Hace unos días estrené mi primera
mascarilla, lo que me hizo pensar. La reflexión me llevó a rememorar mis ya
lejanos tiempos de trovero aficionado en los que, por puro divertimento,
improvisaba romances escasamente poéticos y más bien ripiosos, algo connatural
en la métrica popular.

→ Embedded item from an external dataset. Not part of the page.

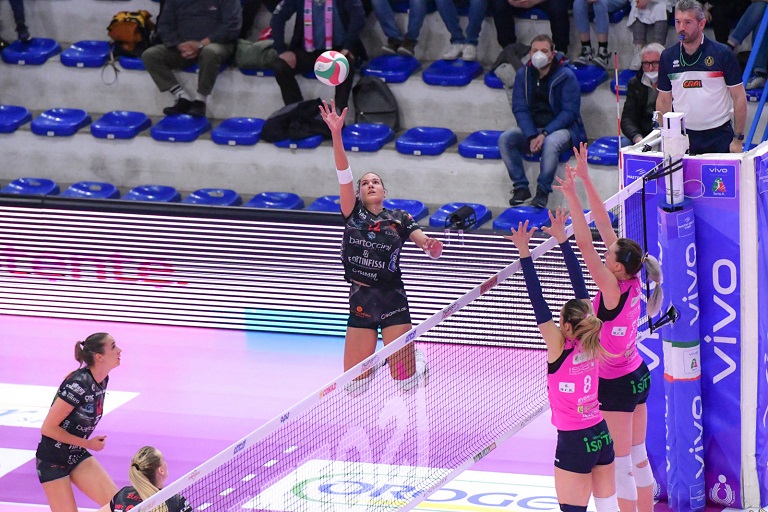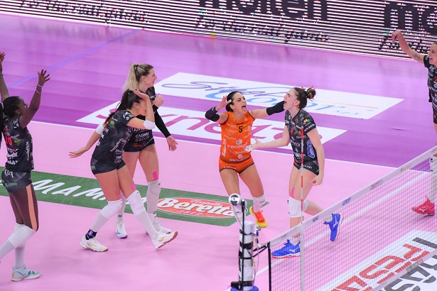 Prima dell’avvio di quarto set arriva la notizia della salvezza matematica anche per le umbre in virtù delle sconfitte di Trento e Roma, le due squadre giocano senza l’obbligo del risultato e le marcature si alternano sul tabellone fino al 12-14, la Bartoccini-Fortinfissi Perugia fa uno scatto in avanti con Havelkova dopo il videocheck e l’errore di Mangani che induce Volpini al time-out. Al rientro Shcherban cambia passo e si torna in parità sul 19-19 ed anche Cristofani chiama uno stop. Le magliette nere tornano in carreggiata con Guerra e Galkowska, sul 20-22 le casalas che spendono l’ultimo minuto di sospensione a loro disposizione. Melandri e compagne amministrano il vantaggio, sul finale è proprio la centrale romagnola mettersi in mostra con due primi tempi, il primo vale il set point (21-24) ma sicuramente il più importante è il secondo del 22-25 che vale il tie-break.

Este es el resultado de la experiencia.
Romance de la mascarilla
Cincuenta días pasaron,
cincuenta noches malditas,
cuando las teles contaron
que había gente malita
de un virus chino rabioso
que es la mar de contagioso,
y que es un maldito virus
del clan del coronavirus.
Y el ministro señor Illa
mandó usar mascarillas,
aunque no ha quedado claro
si cubrirnos las mejillas
es algo que al gobierno
le parece bien o mal,
pues no es nada normal
que lo que hace el baranda,
y lo hace con esmero,
es decir, el muy fulero,
que si la llevamos, bien,
y que si no, pues también.
Le he rogado a mi hija
que por mí que no se aflija,
aunque vaya hasta Melilla
yo llevaré mascarilla.
Me sienta de maravilla
mi primera mascarilla,
más le imploro de rodillas
a la Virgen de Castilla
que ese virus no me coja
pues tengo la salud floja,
y si me infecta el maldito
puedo darme por finito.
Dado que no entiendo nada
de la gran desescalada
seguiré con mascarilla
viva en Madrid o en Sevilla.
Y rezaré porque el virus,
llamado coronavirus,
si es que el maldito me pilla
que no me haga papilla.
Y si Sánchez no me engaña
y no suelta más patrañas,
al fin de la pesadilla,
que es usar mascarilla,
ataremos a los perros
con chorizos como puerros,
y seremos muy felices
hasta hartarnos de perdices.
Y a los demás os deseo
que lo mandéis a paseo
al virus y sus secuelas,
y como se ponga abrojo
ponerlo bajo las suelas
y pisarlo a vuestro antojo.
A ver si por fin podemos
saludarnos y abrazarnos
y no tocar con el codo
hasta quien esté beodo.
Y aquí acaba el romance
de mi primer mascarilla.
Ojalá que de este trance
no salga hecho papilla.
¡Dios nos coja confesados
si acabamos contagiados!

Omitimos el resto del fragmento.